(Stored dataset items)
***
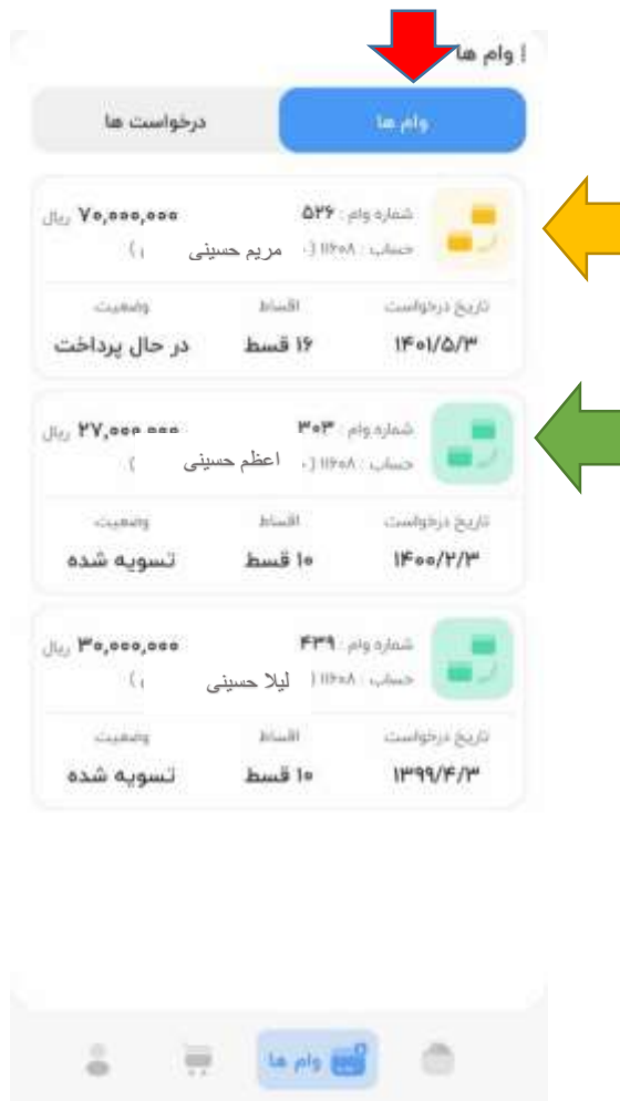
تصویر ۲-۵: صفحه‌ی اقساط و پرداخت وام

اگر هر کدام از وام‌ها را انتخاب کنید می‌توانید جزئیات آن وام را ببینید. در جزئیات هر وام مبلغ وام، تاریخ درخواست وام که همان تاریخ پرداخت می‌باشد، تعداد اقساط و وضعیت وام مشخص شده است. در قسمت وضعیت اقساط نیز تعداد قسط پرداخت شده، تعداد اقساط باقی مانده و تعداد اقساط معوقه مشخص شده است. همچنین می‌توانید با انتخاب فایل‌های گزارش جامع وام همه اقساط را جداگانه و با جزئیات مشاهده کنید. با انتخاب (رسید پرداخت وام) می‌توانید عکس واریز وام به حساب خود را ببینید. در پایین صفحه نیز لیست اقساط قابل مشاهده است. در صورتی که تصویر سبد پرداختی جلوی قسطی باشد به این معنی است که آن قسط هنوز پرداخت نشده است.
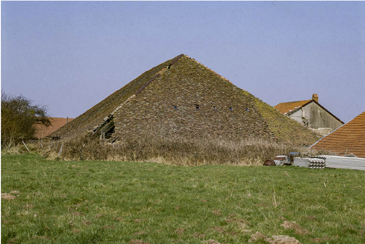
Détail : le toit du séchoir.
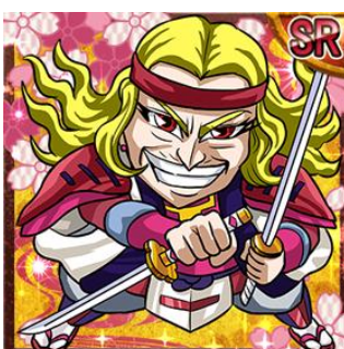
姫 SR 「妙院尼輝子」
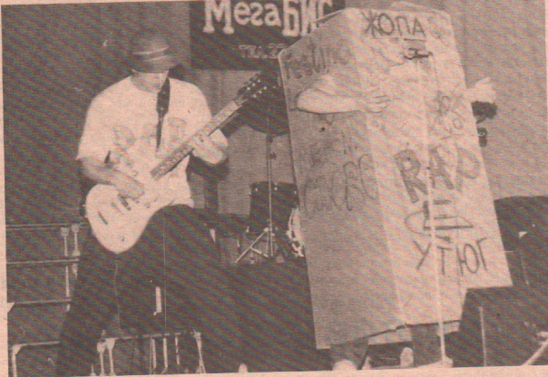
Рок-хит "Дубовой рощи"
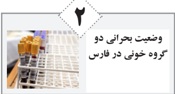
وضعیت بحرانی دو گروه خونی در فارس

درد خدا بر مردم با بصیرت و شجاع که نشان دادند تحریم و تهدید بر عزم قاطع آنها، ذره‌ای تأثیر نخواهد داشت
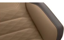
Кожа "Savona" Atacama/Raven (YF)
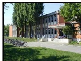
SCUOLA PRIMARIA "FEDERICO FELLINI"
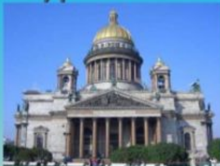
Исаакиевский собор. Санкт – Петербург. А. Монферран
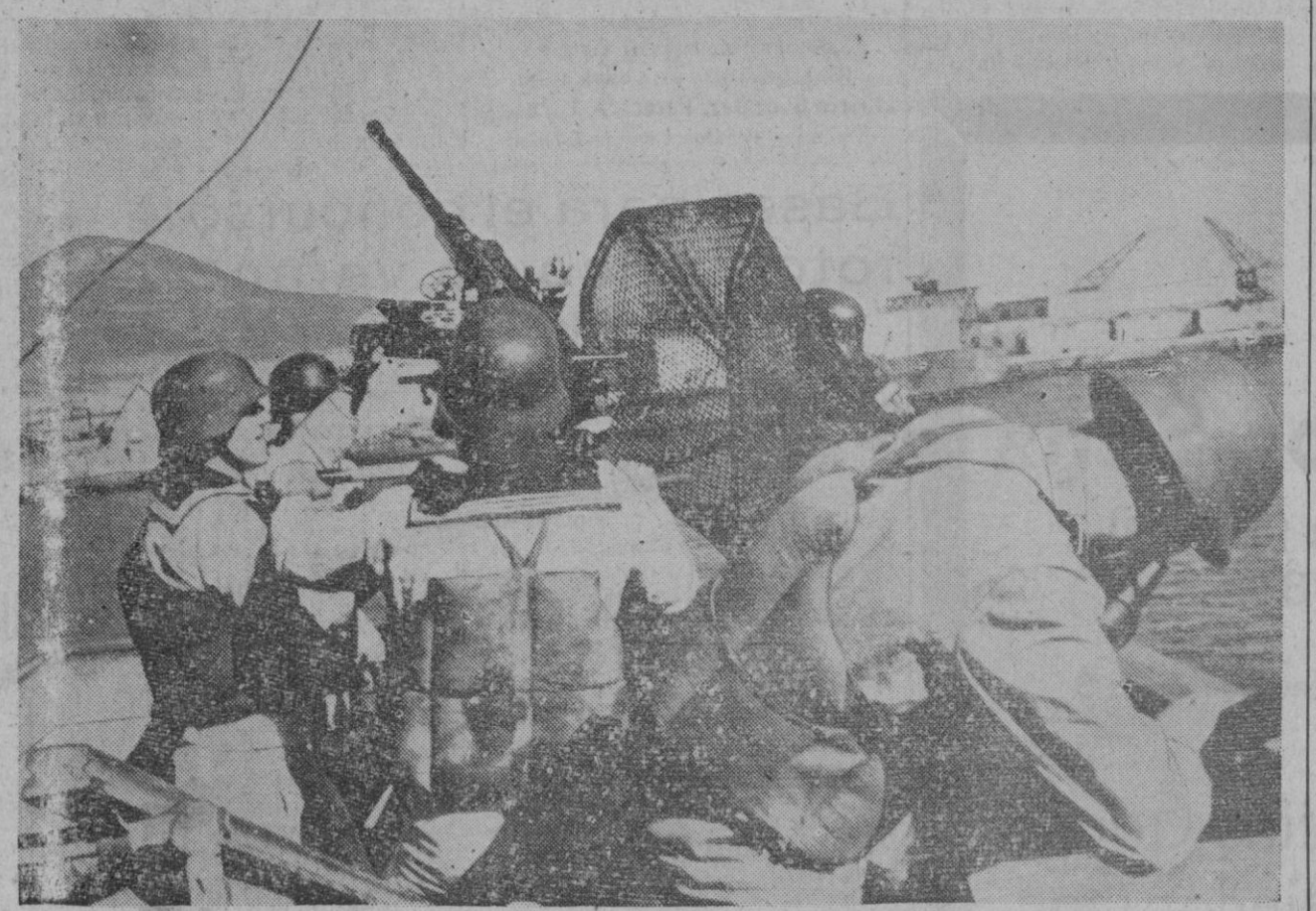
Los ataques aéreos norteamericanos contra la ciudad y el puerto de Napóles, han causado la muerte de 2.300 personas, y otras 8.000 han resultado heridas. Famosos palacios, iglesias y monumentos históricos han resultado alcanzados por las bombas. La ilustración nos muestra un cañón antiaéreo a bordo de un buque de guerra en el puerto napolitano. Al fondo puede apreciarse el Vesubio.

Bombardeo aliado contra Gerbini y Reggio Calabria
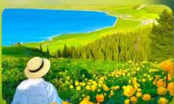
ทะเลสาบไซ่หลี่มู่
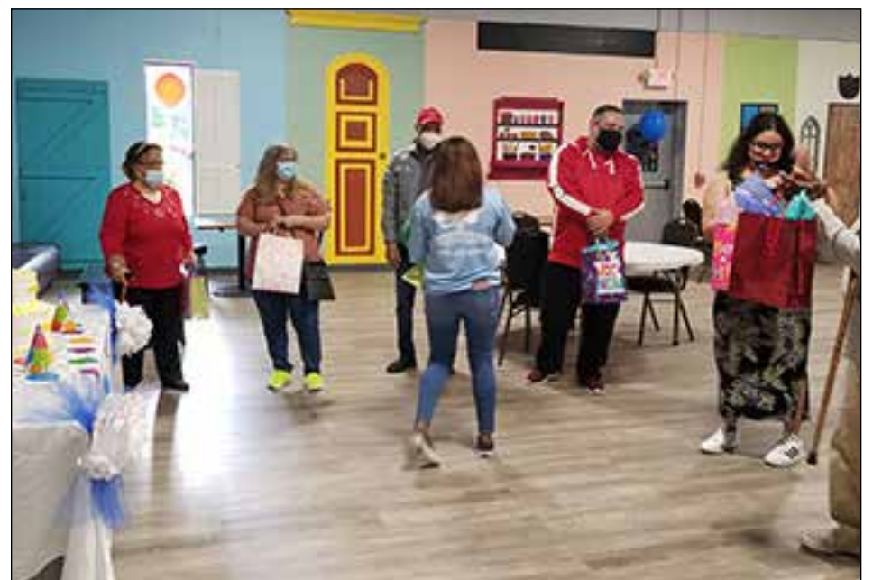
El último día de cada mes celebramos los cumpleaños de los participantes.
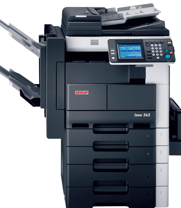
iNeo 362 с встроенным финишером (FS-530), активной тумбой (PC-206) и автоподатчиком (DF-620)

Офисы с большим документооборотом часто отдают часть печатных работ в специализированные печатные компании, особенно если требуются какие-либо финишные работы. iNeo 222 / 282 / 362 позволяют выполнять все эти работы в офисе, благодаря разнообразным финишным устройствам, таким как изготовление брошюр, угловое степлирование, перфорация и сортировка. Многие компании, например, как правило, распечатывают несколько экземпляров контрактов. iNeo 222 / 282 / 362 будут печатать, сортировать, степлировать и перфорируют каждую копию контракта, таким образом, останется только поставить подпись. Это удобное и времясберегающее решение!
***
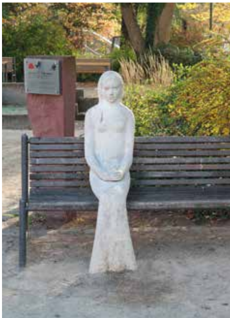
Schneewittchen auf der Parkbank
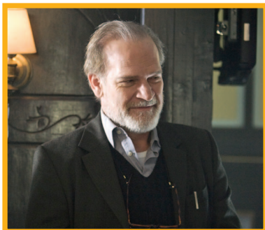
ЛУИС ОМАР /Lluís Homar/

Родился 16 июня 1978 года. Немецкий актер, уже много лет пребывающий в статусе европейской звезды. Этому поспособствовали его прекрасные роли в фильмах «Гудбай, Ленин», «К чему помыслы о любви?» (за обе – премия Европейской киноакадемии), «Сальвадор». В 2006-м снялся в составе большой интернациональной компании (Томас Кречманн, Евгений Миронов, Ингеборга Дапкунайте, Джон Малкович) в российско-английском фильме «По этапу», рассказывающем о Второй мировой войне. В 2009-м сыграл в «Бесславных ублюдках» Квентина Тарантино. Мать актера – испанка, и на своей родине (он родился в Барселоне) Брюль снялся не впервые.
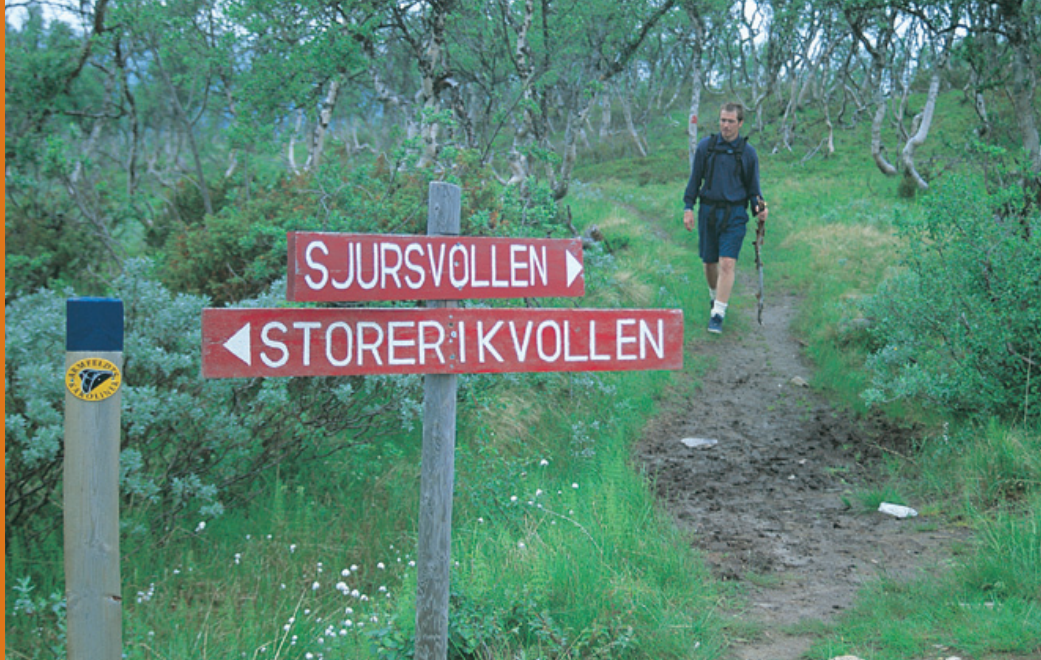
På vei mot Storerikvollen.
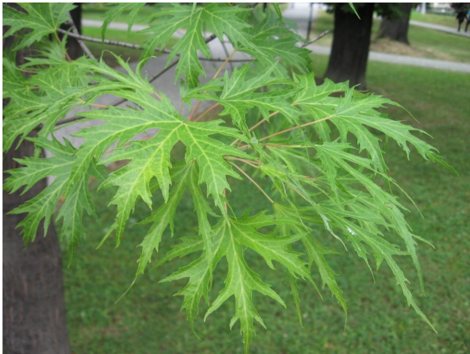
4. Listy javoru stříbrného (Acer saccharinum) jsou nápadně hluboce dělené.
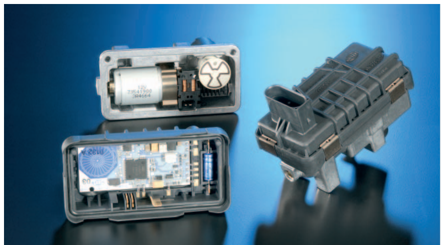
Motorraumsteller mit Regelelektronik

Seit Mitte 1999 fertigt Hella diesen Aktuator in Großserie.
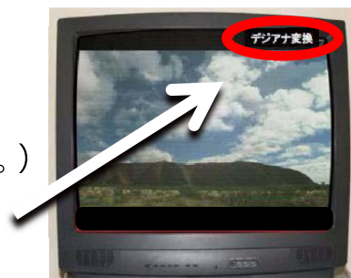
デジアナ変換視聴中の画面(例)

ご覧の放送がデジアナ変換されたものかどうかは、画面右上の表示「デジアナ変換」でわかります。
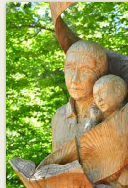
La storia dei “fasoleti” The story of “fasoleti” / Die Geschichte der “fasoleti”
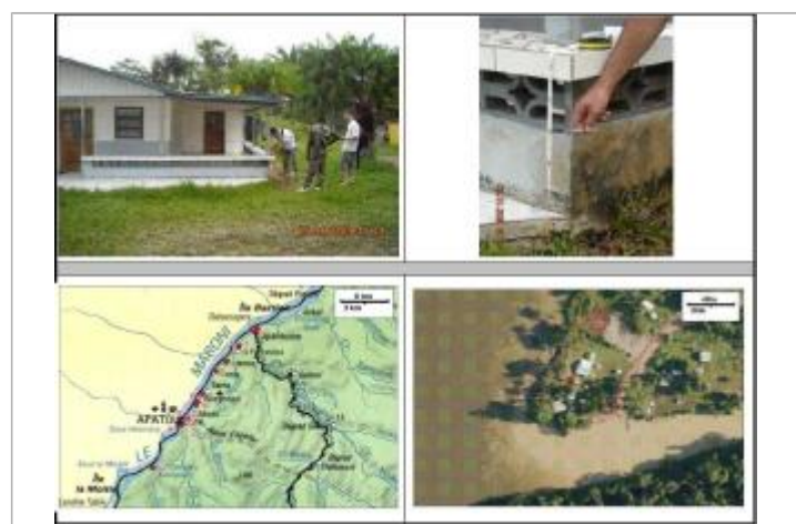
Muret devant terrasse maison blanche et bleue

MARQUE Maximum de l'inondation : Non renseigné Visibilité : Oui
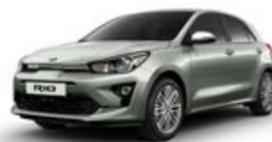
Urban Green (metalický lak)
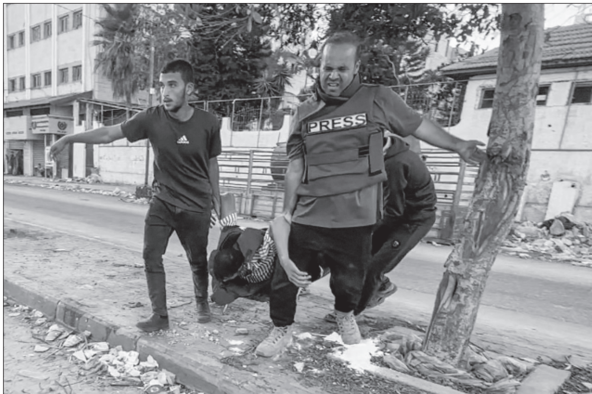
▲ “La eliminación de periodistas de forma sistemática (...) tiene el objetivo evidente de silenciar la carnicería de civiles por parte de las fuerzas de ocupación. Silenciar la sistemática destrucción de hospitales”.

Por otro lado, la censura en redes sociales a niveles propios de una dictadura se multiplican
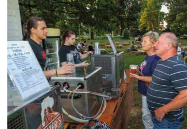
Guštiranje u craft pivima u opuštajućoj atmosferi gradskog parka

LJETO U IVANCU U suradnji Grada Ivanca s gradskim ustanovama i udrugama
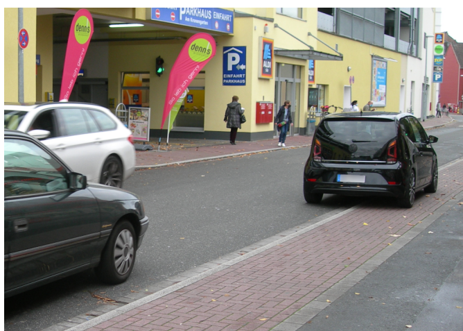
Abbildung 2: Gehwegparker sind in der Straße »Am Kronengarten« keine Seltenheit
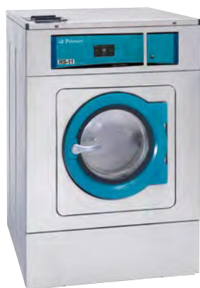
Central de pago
***
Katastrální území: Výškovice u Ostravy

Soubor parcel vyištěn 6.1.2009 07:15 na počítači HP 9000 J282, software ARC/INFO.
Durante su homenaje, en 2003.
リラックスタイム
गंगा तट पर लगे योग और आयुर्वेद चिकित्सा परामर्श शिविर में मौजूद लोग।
***
TASK ITEM → The expected answer is a copy of each line in the records that holds the word "contra".

RESPONSE TO THIS EXERCISE →
Los ataques aéreos norteamericanos contra la ciudad y el puerto de Napóles, han causado la muerte de 2.300 personas, y otras 8.000 han resultado heridas. Famosos palacios, iglesias y monumentos históricos han resultado alcanzados por las bombas. La ilustración nos muestra un cañón antiaéreo a bordo de un buque de guerra en el puerto napolitano. Al fondo puede apreciarse el Vesubio.
Bombardeo aliado contra Gerbini y Reggio Calabria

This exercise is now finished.